The two blonde surfers, although not
all male surfers were blonde even though I think all their girlfriends were out
there in sunny California, were just the front. Just the frosting, okay. The
important scene although not pictured (except a little background fluff to
inform you that you are at the beach, the summer youth beach and no other, the
place where oldsters, even old hipsters in the black night le tout for a day of
sun are not welcome here, and certainly not the tortuous family beach scene
with its lotions, luggage, lawn chairs, and tacky hot dogs and tepid
hamburgers, longings, longings to be elsewhere in early teen brains), can only
mean checking out the babes, girls, chicks, or whatever you called them in that
primitive time before we called them sister, and woman. No question that this
whole scene is nothing but a California come hinter scene. One thinks ahead to
warm night breezes and souped-up cars traveling the boulevard (also not
pictured) looking, and looking hard like we all did, and not just in cool
breeze California for the heart of Saturday night.
No way that it has the look of Eastern
pale-face beaches, family or youth. This is nothing but early days California
dreamin’ cool hot days and cooler hot nights with those dreamed bikini girls.
These surfers, if that is what they are calling themselves are, no question
“beach bums,” inventing themselves in classic Hollywood-driven California style, little did we know in the frigid East
unless we had relatives or friends there that whole sub-cultures, or what would
be called sub-cultures by the hoary academics who wanted to explain everything,
of surfers, hot-rodders, outlaw bikers valley boys, and later girls, out there
waiting for the winds to blow eastward. No way that they are serious surfer
guys, certainly not Tom Wolfe’s Pump House LaJolla gang where those surfers
lived for the perfect wave, and nothing else better get in the way. For such
activity though for avoiding becoming a prune waiting on those perfect waves needed
rubberized surf suits complete with all necessary gear. In short these guys are
“faux” surfers. Whether that was enough to draw the attention of those shes
they are checking out Jimmy said he would leave to the reader’s imagination.

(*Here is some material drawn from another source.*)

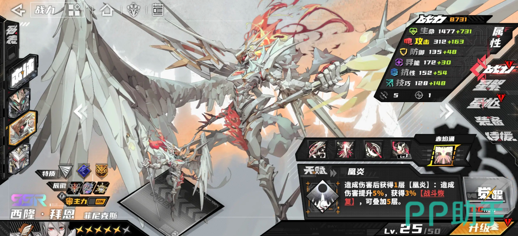 西隆的第二形态为菲尼克斯,是推图最好用的,共鸣技可以对一圈敌人附带伤“灼烧”的固定伤害,他的“火神枪”能对单个目标造成140%伤害,并在战斗后施加上灼烧,他的“焚天火雨”射程非常远,可大范围附加上灼烧,他的被动是非常强的免死保命技,能在受到致命伤害时,免除一次死亡并恢复15%生命,在抗压局有奇效。

And what caused Jimmy not to fit into
that scene other that the fact that he was not blonde, had not known until he
actually when out there in the mid-1960s that surfers as a culture even
existed, and as we know had been rebuffed before he started by a fetching girl
who probably, no definitely, in summer was one of those bikini-clad frails. Eastern
version. Believe it or not Jimmy was afraid, or at least half afraid, of the
ocean even though he had grown up (as had I) a stone’s throw from the ocean all
his growing up times. I had actually gone many times to the beach with him when
he was married to Jenny (and we were talking not always coterminous) and had
forgotten that I had never seen him go in the water. There was a reason for him
not going into the water, although he said that he would go in when the spirit
moved him or he was hot, just not over his head.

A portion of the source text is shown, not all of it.